Manager, Information Security, Cyber

Company Description

Standard Bank Group is a leading Africa-focused financial services group, and an innovative player on the global stage, that offers a variety of career-enhancing opportunities – plus the chance to work alongside some of the sector’s most talented, motivated professionals. Our clients range from individuals, to businesses of all sizes, high net worth families and large multinational corporates and institutions. We’re passionate about creating growth in Africa. Bringing true, meaningful value to our clients and the communities we serve and creating a real sense of purpose for you.

Job Description

To provide expert professional knowledge and technical skills within a specialist area. To support the bank's Information Security initiatives, the associated decision making, planning and implementation to monitor and protect sensitive data and systems from infiltration or misuse..

Qualifications

Minimum Qualifications
Type of Qualification: First Degree
Field of Study: Information Technology

Experience Required
Cyber Security
Technology
3-4 years
People management and leadership experience

3-4 years
Proven experience in risk management or information security, databases, operating systems, and network security controls

3-4 years
Proven experience in software and integration development

Additional Information

Engage team and other appropriate stakeholders in problem solving and solution engineering, to optimise problem identification and mitigation.

Engage, consult and influence the business and appropriate IT executives on the selection of appropriate cyber security controls to combat cyber security threats.

Foster cross-functional collaboration between cyber security teams, ensuring goals and processes are aligned and priorities match, engaging various teams to further progress, as appropriate.

Guide and analyse, in collaboration with team, possible attack techniques and methods to identify and assess control weaknesses and vulnerabilities related to cyber security, support the process of reporting on findings and communicate high level recommendations to mitigate identified risks.

Guide and review the development of detailed detection, controls, process improvements related to cyber security designs by subordinates, participate in practical design processes as required.

Guide and support team through the development of threat models or attack paths, reviewing new legislation and industry best practices, suggesting offensive and defensive approaches to be developed for the Bank.

Guide, support and lead threat hypothesis, information assimilation and the designing, scoping and executing of threat hunts, participating as required and reviewing the remediation processes.

Identify metrics to monitor implementation for each intervention, support the application of metrics during and after implementation, if required.

Identify process and/ or control weaknesses and incorporate learnings into future threat responses with the use of post incident analysis .

Identify training and development needs, implementing plans to address requirements, as appropriate. Guide, support and enable subordinates to engage in cross functional developments, requesting collaboration from other managers and their teams, as required.

Identify, in collaboration with team, threats, vulnerabilities and related incidents; develop appropriate process and control improvements (both pro-active and reactive).

Implement the Information and Cyber Security strategy by operationalising strategic imperatives and planning for their execution.

Investigate identified new emerging technologies and investment opportunities so that they may be applied in Cyber Security.

Maintain and review service levels as agreed with service consumers to ensure optimum service delivery.

Manage the performance management process of team members, including goal setting, personal development planning, continuous performance monitoring, coaching conversations and formal evaluation and appraisal of annual performance contracts.

Manage the performance of direct and indirect reports in accordance with the performance management policy and procedure.

Monitor and guide threat hunts, the review of detection rules, to ensure efficacy and improvement of processes.

Monitor and maintain adherence to the Information and Cyber Security strategy so that a consistent imperative is realised.

Plan and coordinate incident response team schedule and work allocation in response to high risk incidents, upon initial identification of incident or breach, supporting the response team as appropriate, request remediation activities as found appropriate.

Plan, design and guide team through the execution of offensive security and planned threat assessments to identify vulnerable spots within the Banks environment, coordinating appropriate resolution processes within greater information security.
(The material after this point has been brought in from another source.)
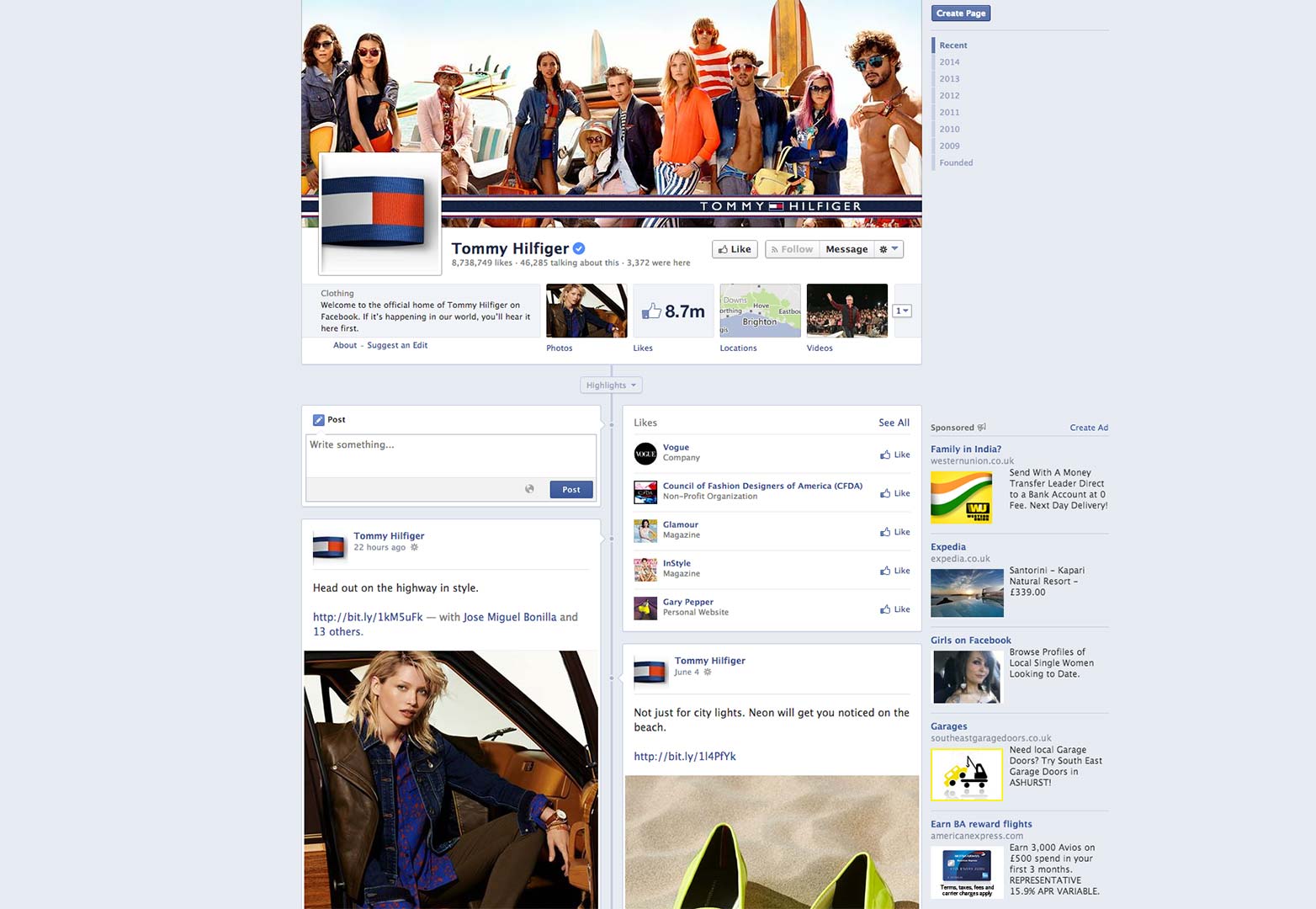 下面以Tommy-Hilfiger的Facebook頁面為例。這個美國潮牌的Facebook頁面有著870萬粉絲,如此眾多的粉絲都是Hilfiger品牌故事的忠實 聽眾。Hilfiger在頁面上分享設(shè)計、名人合作伙伴的照片和新聞以及各種宣傳活動,圖示通過圖片、視頻、文字等多種形式傳遞給用戶,引人入勝。

Provide feedback about Cyber security incidents (with emphasis on root cause and lessons learnt) to the superior, for information sharing and presentation purposes.

Provide input into the planning and forecasting of Cyber Security specific projects/ requirements.

Provide input to, and participate in the design and execution of regular awareness initiatives (road shows and digital communications) focusing on relevant cyber security threats, industry trends, specific strategies, tools and technologies to relevant stakeholders.

Provide insight into the Information Security strategy and add value to decision-making processes alongside other managers.

Report on all Cyber risks (including mitigation efforts), for risk and audit purposes.

Represent Standard Bank at intelligence or industry meetings and forums, gather information pertinent to the Standard Bank landscape and include in analysis and recommendations going forward.

Review existing cyber security technologies within discipline, optimising use and processes to aid in threat detection and response, identifying risk mitigation and cost minimising processes, for consideration and implementation by senior management.

Scope and implement the design and review of prevention, control measures, strategies and long term planning, continually incorporating learnings from incident analysis.

Scope, plan and implement projects for quarter, allocate work according to team capability, supporting design and implementation processes as needed.

Stay abreast of the internal and external threat landscape and identify appropriate Cyber Security risk mitigation strategies.